Corona-Zahlen im Kreis

Reiserückkehrer bilden nach wie vor den Großteil der Neu-Infizierten

Nein, Ahaus ist kein Sonderfall. Trotz 21 neuer Corona-Infizierter innerhalb eines Tages nicht. Die Zahlen reihen sich ein in die kreisweite Tendenz mit stetig steigenden Infektions-Zahlen.
Impfen lohnt sich, wie die Analyse des Kreises zeigt: Ungeimpfte sind die größte Gruppe bei den Corona-Infizierten. © Jenny Kahlert

Der Kreis Borken führt regelmäßig Buch über das, was sich in Sachen Corona tut.

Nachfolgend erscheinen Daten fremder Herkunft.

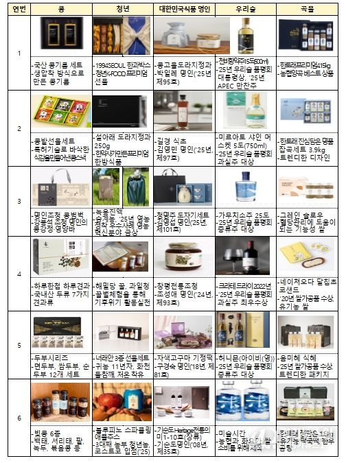 최근 적극적으로 판로 확대를 모색하고 있는 콩 가공제품을 구성해 농가와의 상생을 도모했고, 청년 농업인이 생산한 제품을 소개하여 활기차고 미래지향적인 농업․농촌의 비전을 제시했다. 아울러, 대한민국 식품명인의 노하우가 담긴 제품과 품평회 등을 통해 그 우수성을 인정받은 우리술을 엄선하여 명절 선물의 품격과 신뢰도를 높였다.
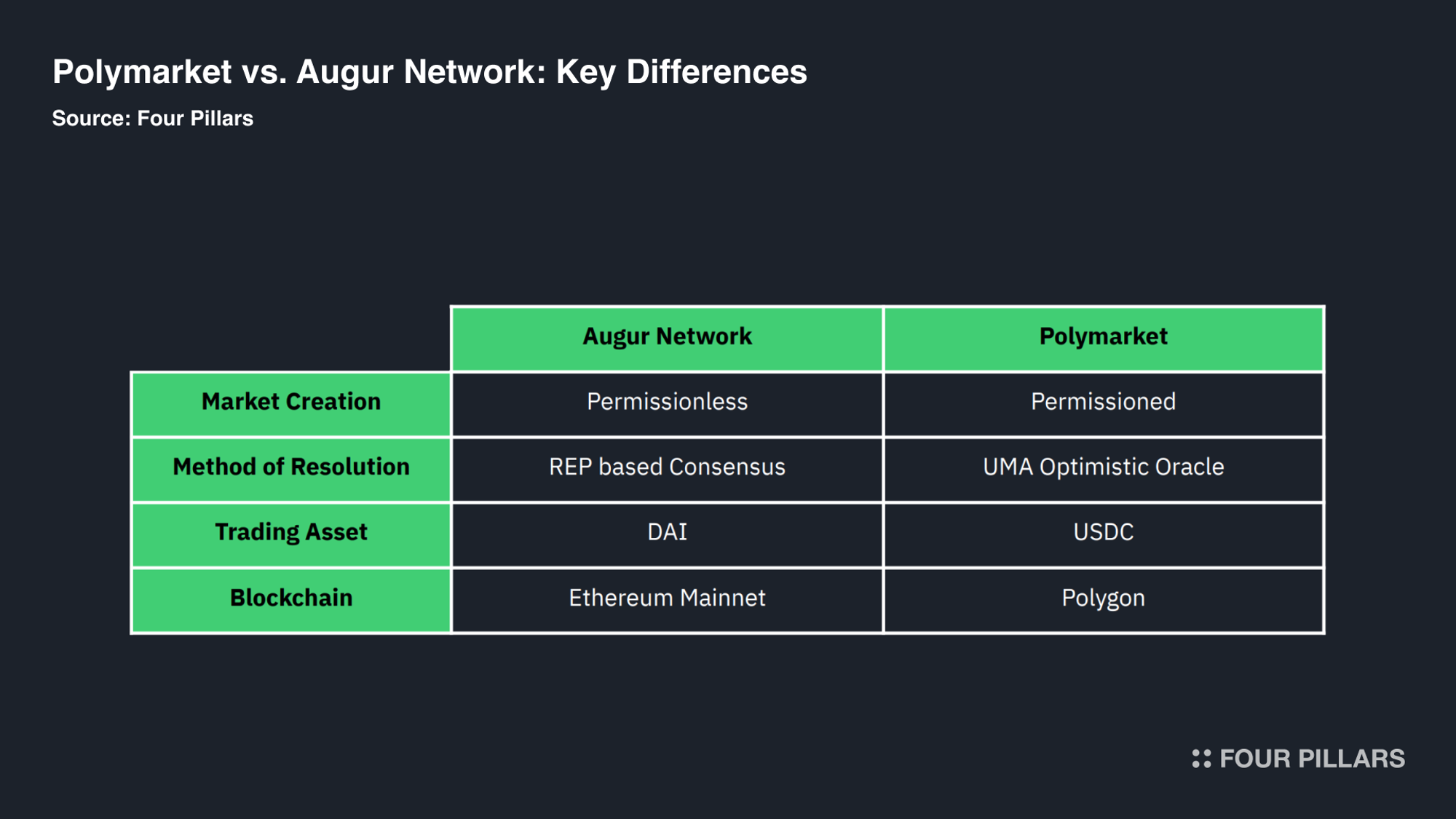 In 2018, Augur faced controversy over assassination betting markets. Prediction markets, by their nature, are closely tied to real-world events, which can lead to errors from ambiguous market definitions and unnecessary controversy.

Und laut Pressesprecherin Ellen Bulten lässt sich aktuell an den Zahlen vor allem das ablesen: „Das Infektionsgeschehen steigt insgesamt wieder.“ Mal gebe es in der einen, mal in der anderen Kommune besonders viele Infektionen.

Aktuell eben in Ahaus (plus 21), aber auch da gebe es keinen Hinweis auf eine große Infektionsquelle. Laut Ellen Bulten sei für den Anstieg der Infektionen weder eine Schule noch eine andere Einrichtung wie ein Pflegeheim Auslöser.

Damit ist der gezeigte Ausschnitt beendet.